= Carlos Panini =

Carlos Panini Binosi was a wealthy Mexican businessman of Italian origin, from Mosio di Acquanegra sul Chiese. He is credited with being the first pilot to fly a light plane around the world. In 1927 he had established Mexico's first scheduled airline, Servicio Aéreo Panini which he had sold shortly prior to the car race in which he died, as he was planning to retire.

He was a motorsport enthusiast and participated in numerous competitions.
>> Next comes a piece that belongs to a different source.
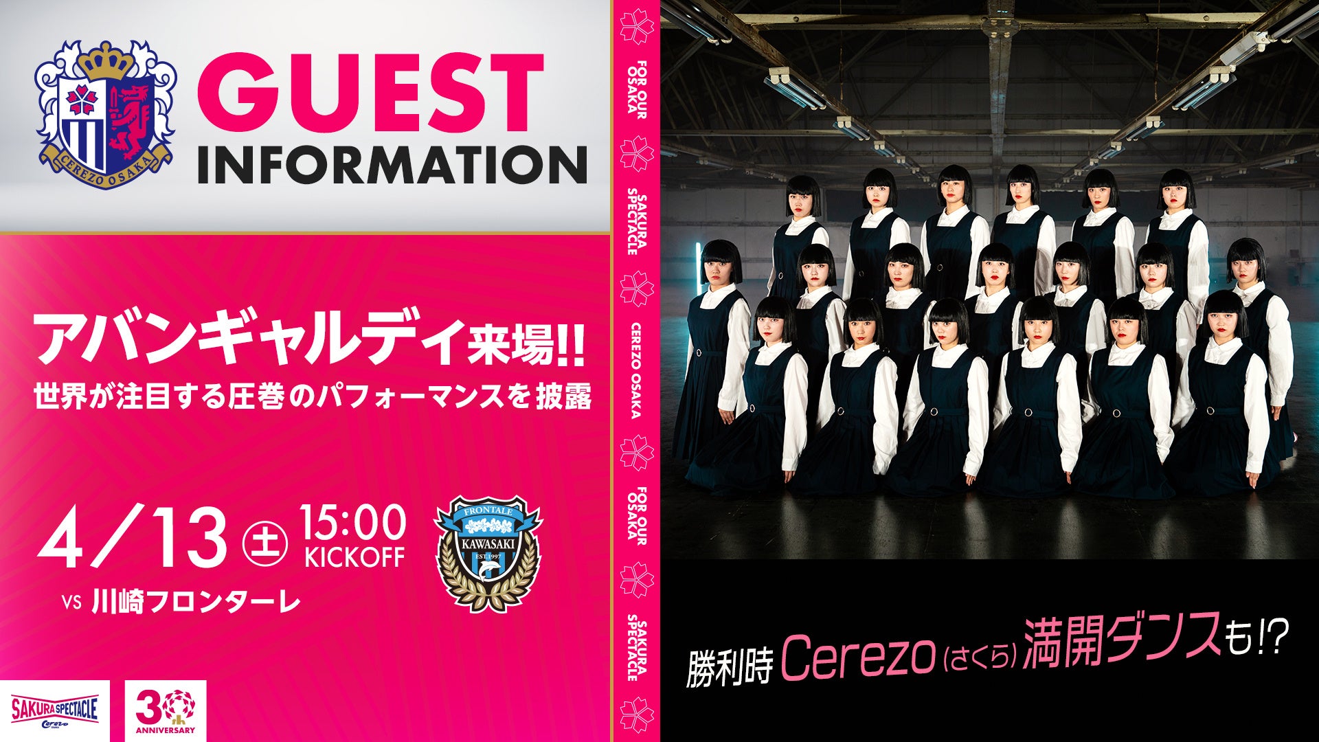 4/13(土)のセレッソ大阪対川崎フロンターレ戦では、世界的に人気のダンスグループ、アバンギャルディがハーフタイムにパフォーマンスを披露します。

Panini died when his car crashed during the 1951 Carrera Panamericana on the second stage from Oaxaca to Puebla. Although the registered driver for the race was Carlos' daughter Teresa (Teresita), he was at the wheel of the car, despite the fact that he did not have a valid license and was in ill health. The accident happened when Bobby Unser, aged 17 years 9 months, was trying to overtake Panini who was travelling at a lower speed and blocked the American for a long stretch. After several attempts, Unser made his move but Panini tried too late to block him, resulting in the two cars bumping one another. Unser nearly went off a sheer cliff but was skilled enough to control his Jaguar, while Panini's Alfa Romeo went straight into a wall, killing the driver instantly. Unser did not stop for fear of being disqualified from the race as the rules explicitly forbade it. Later, Ricardo Ramirez of Mexico City abandoned the race to rush the Paninis to a hospital in Puebla. Teresa Panini survived the accident with minor injuries.

Press reaction to his death was strong in condemning the race as his was a part of a series of prominent deaths that year. At the time of his death newspapers gave his age as 54, but one states his age as 48.